#### [About this task]
Only the lines from the one containing "征地补偿安置协议(所有权人) 新兖镇后道义村" to the end of the data below belong in the answer, each repeated exactly; no pictures.

#### [Information supplied]
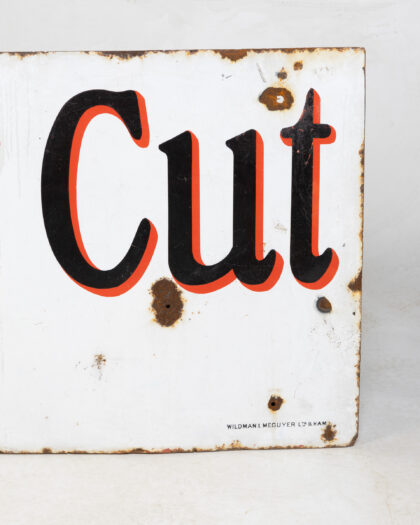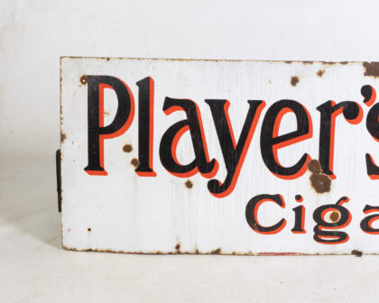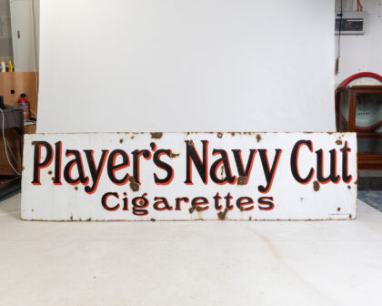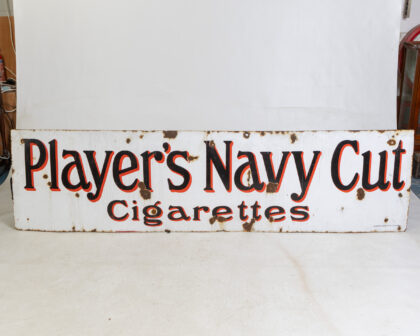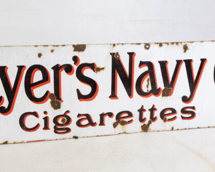 Vintage Player's Navy Cut Cigarettes enamel sign. Features red and black lettering on a white background. Shows wear and rust, adding to its vintage charm.
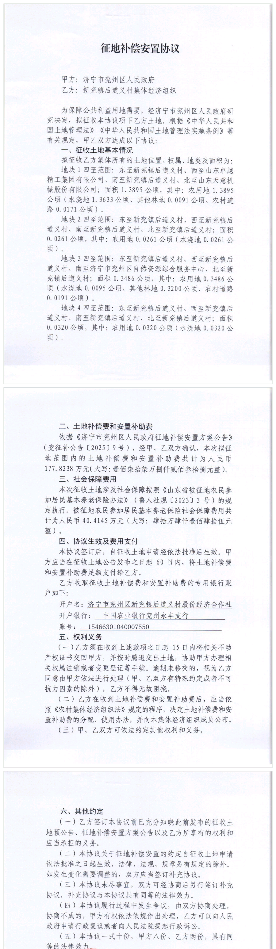 征地补偿安置协议(所有权人) 新兖镇后道义村
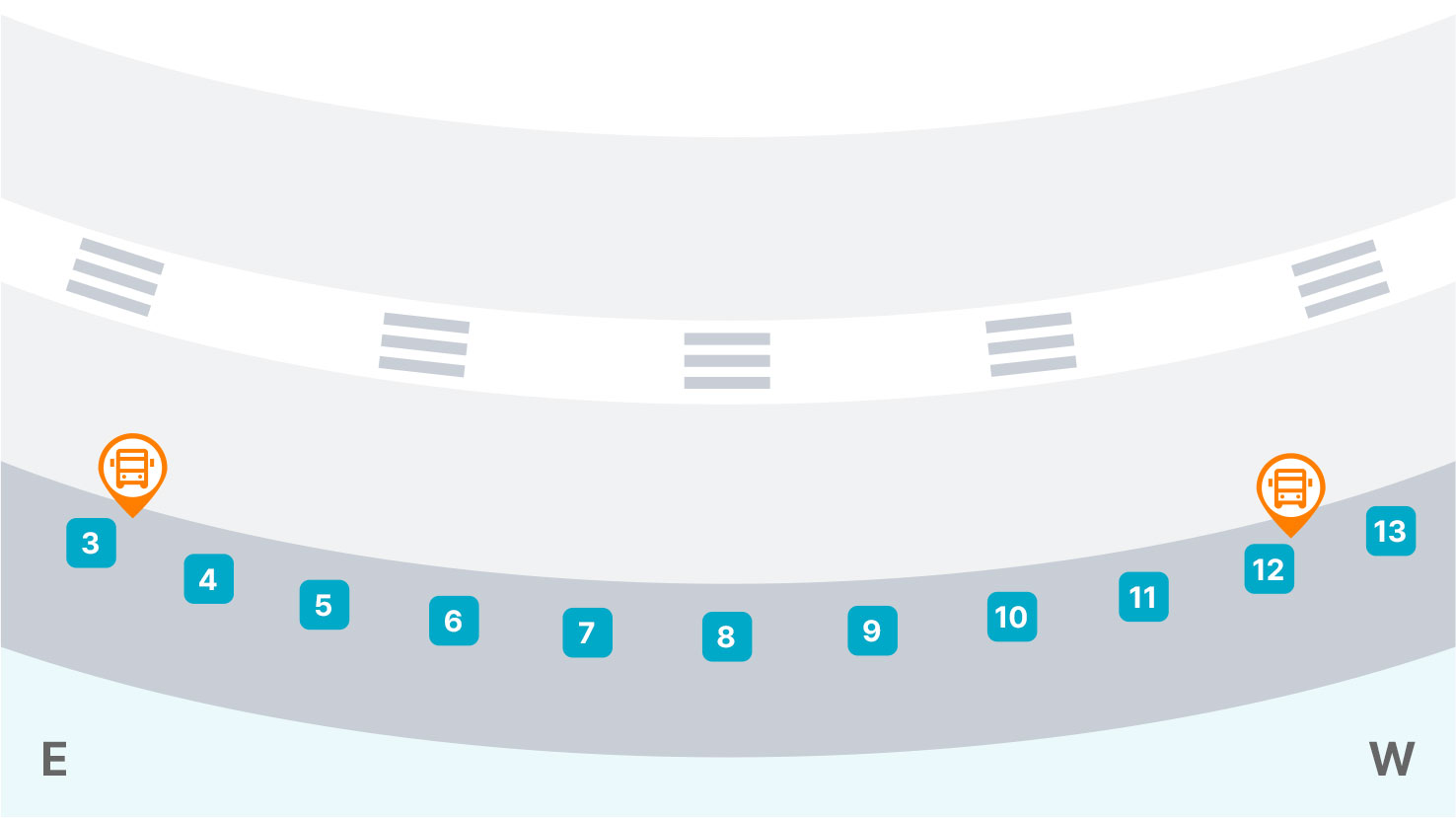 - Board at the pick-up spots in front of Gates 3 and 12 on the 3rd floor of Terminal 1

#### [Output of the task]
 征地补偿安置协议(所有权人) 新兖镇后道义村
 - Board at the pick-up spots in front of Gates 3 and 12 on the 3rd floor of Terminal 1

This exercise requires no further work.